- _ASSIGNMENT_:
Start at the line with "Recorrido Motriz.Compuesto por" in the records below, stop at the line with "Юбка женская, слегка", and return every line in that span exactly, the two end lines included.

- _EXERCISE DATA_:
• • • • • • •

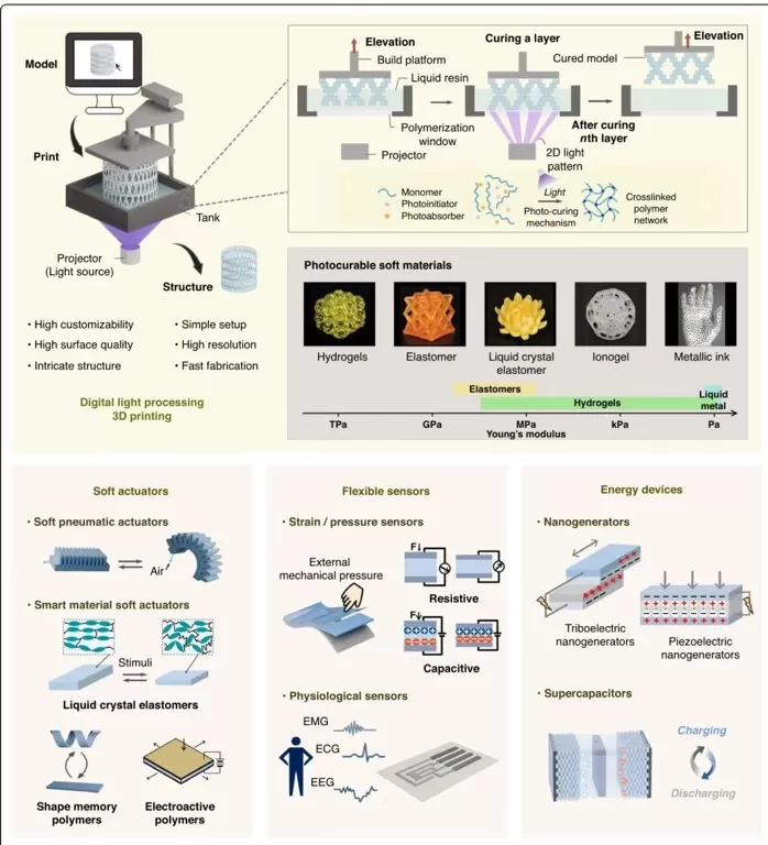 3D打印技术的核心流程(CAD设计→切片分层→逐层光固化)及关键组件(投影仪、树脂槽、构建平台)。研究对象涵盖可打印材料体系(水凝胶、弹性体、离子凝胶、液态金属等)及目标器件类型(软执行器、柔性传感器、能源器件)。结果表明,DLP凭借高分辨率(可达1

• • • • • • •

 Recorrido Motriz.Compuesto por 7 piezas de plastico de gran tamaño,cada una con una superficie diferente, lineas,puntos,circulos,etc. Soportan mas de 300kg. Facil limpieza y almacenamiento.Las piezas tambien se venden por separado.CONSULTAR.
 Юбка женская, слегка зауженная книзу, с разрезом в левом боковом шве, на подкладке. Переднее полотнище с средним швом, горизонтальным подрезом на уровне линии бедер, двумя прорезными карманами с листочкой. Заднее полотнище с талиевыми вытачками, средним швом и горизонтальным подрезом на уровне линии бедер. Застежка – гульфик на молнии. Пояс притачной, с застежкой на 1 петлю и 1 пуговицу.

• • • • • • •

- _OUTPUT OF THE TASK_:
 Recorrido Motriz.Compuesto por 7 piezas de plastico de gran tamaño,cada una con una superficie diferente, lineas,puntos,circulos,etc. Soportan mas de 300kg. Facil limpieza y almacenamiento.Las piezas tambien se venden por separado.CONSULTAR.
 Юбка женская, слегка зауженная книзу, с разрезом в левом боковом шве, на подкладке. Переднее полотнище с средним швом, горизонтальным подрезом на уровне линии бедер, двумя прорезными карманами с листочкой. Заднее полотнище с талиевыми вытачками, средним швом и горизонтальным подрезом на уровне линии бедер. Застежка – гульфик на молнии. Пояс притачной, с застежкой на 1 петлю и 1 пуговицу.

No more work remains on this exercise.